SAN FRANCISCO — Two passenger planes aborted landing at San Francisco International Airport last week after pilots saw a Southwest Airlines jet taxiing on the runways where the other planes had been cleared to land.

An air traffic controller told the Southwest pilots that they should not have been on the runways during the May 19 incident.

The Federal Aviation Administration said Thursday that the Southwest plane cleared the runways when the other planes passed directly overhead, and that the decision to abort the landings was «out of an abundance of caution.»

“The FAA investigated the events and determined that appropriate steps were taken to ensure safe operations,” the agency said.

The National Transportation Safety Board said it is not investigating the matter.

The incident comes after half a dozen close calls in recent months that are being investigated by security officials. These include one in February in which a FedEx plane flew about 100 feet above a Southwest jet in Austin, Texas, after an air traffic controller cleared both planes to use the same runway.
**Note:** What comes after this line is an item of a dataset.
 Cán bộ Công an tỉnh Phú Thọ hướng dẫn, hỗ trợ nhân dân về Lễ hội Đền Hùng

In this month’s incident, an incoming United Airlines plane flew as low as a few hundred feet over San Francisco Bay before pilots saw the Southwest plane on the same runway and decided to abandon its landing.
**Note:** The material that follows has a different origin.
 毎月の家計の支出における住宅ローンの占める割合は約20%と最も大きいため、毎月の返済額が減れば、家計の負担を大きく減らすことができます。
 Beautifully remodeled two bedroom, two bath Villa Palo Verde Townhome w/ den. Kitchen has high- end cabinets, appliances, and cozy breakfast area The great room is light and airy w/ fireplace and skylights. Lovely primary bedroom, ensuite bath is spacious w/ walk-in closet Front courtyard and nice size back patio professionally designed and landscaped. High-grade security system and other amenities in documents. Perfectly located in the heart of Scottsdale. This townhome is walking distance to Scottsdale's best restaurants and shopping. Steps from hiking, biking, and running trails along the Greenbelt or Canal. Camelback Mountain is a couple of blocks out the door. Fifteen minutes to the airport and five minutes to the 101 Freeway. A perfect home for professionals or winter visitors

Shortly after that, the crew of an incoming Alaska Airlines plane saw the same Southwest jet crossing a second parallel runway, and the pilots also aborted their landing.

Both the United and Alaskan planes turned around and landed safely.

The air traffic controller told the crew of the Southwest plane, «They shouldn’t be on the runway,» according to a recording captured by LiveATC.com. When one of the pilots tried to explain himself, the controller cut him off and said, «I don’t need an argument.»

The incident was first reported by the San Francisco Chronicle. The San Francisco airport was the scene of a terrifying near disaster in 2017when pilots of an Air Canada plane mistook a taxiway for their runway and nearly landed on top of four other planes waiting to take off.

Despite recent close calls, the acting FAA chief has said the nation’s air traffic system is safe, noting the lack of a fatal crash involving a US airline since 2009.

However, concern over close calls led the FAA to hold a «safety summit» in March. The agency said this week it is investing $100 million in improvements at 12 airports, but not in San Francisco, to reduce the number of «runway incursions», when an aircraft or airport vehicle is on a runway when it shouldn’t be.